The Stress Test, organised by Canary Wharf Group and Deloitte, aims to get companies to recreate the measures they will have in place during the Games. These include staff trying out alternative travel arrangements and different ways of working.
The two-day test, which finishes tomorrow, will involve businesses looking at their IT, telecommunications and transport requirements and ensuring they can operate as normal during the Games, when there is likely to be some travel disruption.
Nearly half the firms taking part are in the financial services centre. Around a third of companies taking part have less than 250 employees, while a similar number have more than 1,000 employees.
Firms will also complete an online survey about their working practices with Deloitte, which has conducted research into Games Readiness.
In the latest research from January this year, staff unavailability was the biggest concern with 42 per cent of companies citing it as a worry during the Games, almost the same proportion as when asked last May.
Fears over general transport disruption have eased slightly, with 32 per cent of companies raising this as a worry compared with 35 per cent in May.
Deloitte also found 43 per cent of businesses intend to review their holiday policies ahead of the Games, while 33 per cent plan to review flexible working.
Mark Naysmith, Games readiness director at Deloitte, said: “On the busiest days of London 2012, there are expected to be an extra three million journeys a day on the public transport system.
“It is essential that companies across the city, large and small, have thought through how their business and their people will cope with this period.

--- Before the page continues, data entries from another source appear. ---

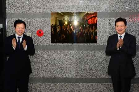 5月8日,山東省委常委、青島市委書記李群(右)和新華社黨組成員、副總編輯慎海雄共同為中國(青島)海洋經濟指數研究院揭牌。 當日,由新華通訊社、山東省政府、青島市政府三方合作成立的新華(青島)國際海洋資訊中心在青島正式啟動運營。該中心旨在通過發布海洋經濟發展系列指數等服務,打造中國海洋經濟的“風向標”。
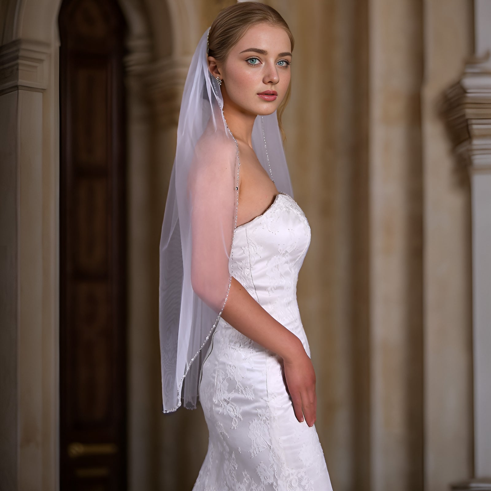 BRIDELLA BV31 Thin Transparent Fingertip Length Bridal Wedding Tulle With Handmade Beaded Edge Decoration Simple And Elegant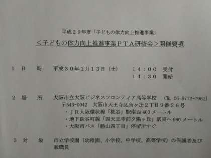 「スポーツをする子どもの食事について〜食事から考える体つくり〜」というテーマで、1月13日(土)14時30分から、大阪ビジネスフロンティア高等学校で行われます。体力向上に食事はとても大切で、大変興味深い研修会です。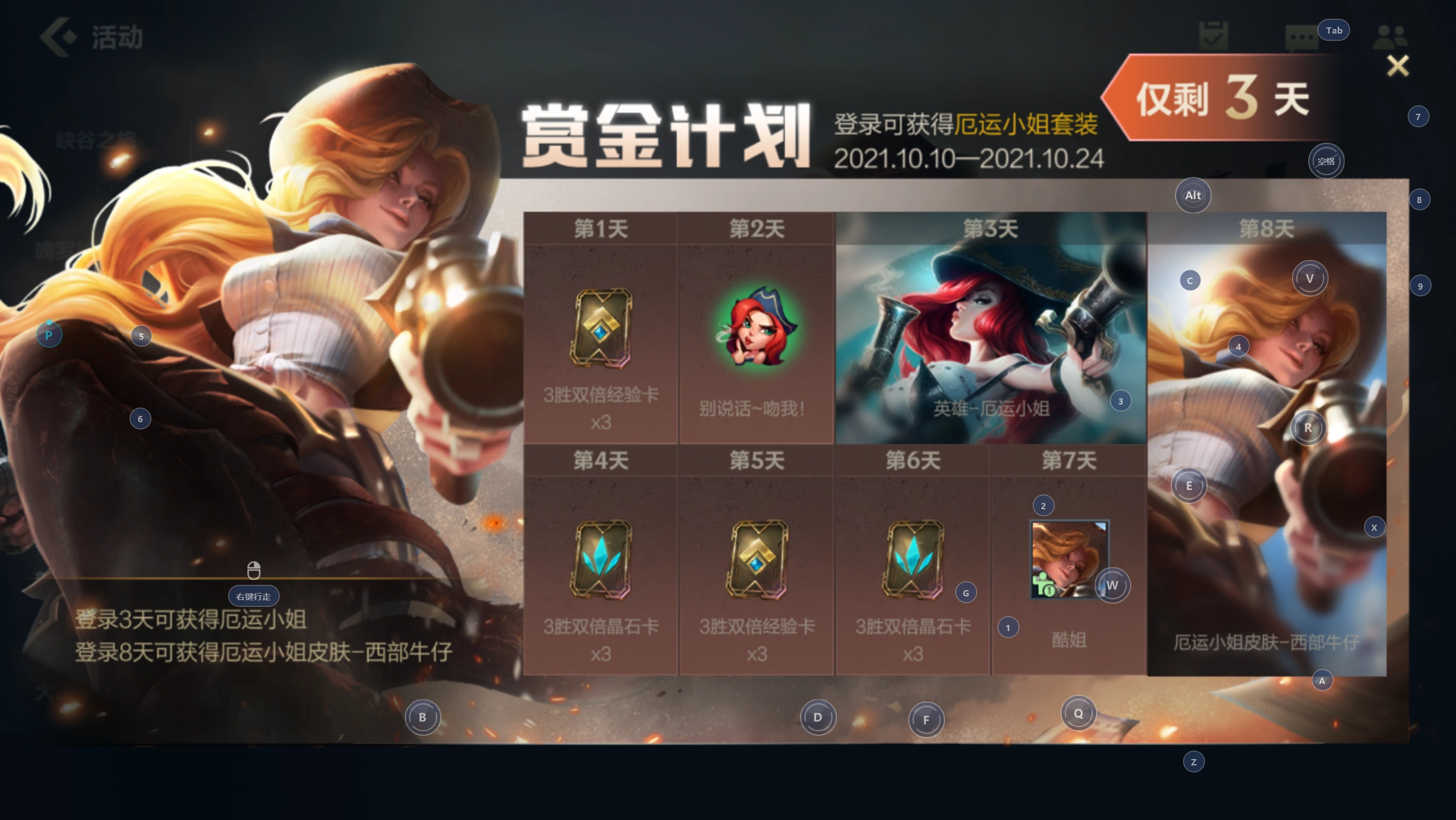 刚接触游戏的新手玩家登录后会发现有个签到活动,连续签到7天就能领取厄运小姐以及她的西部牛仔皮肤,此外还会额外赠送一个姿态。在我看来这个签到福利相当不错,毕竟只要完成签到就能拿到皮肤,大家可别错过,赶紧去参与签到吧。

“Whilst working from home is the most popular measure being tested, it will not be practical for all businesses who still need to maintain client service levels.
“Therefore, alternative measures such as changing the route to work, mode of transport, or time of journey will all be key to coping.”
Drew Gibson, business continuity manager at Canary Wharf Group, said: “The Stress Test is our warm up for the big event. Our plans aim to ensure that Canary Wharf and London remain open for business during the Games. Businesses across London will be better prepared for the Olympics if they prepare collectively.”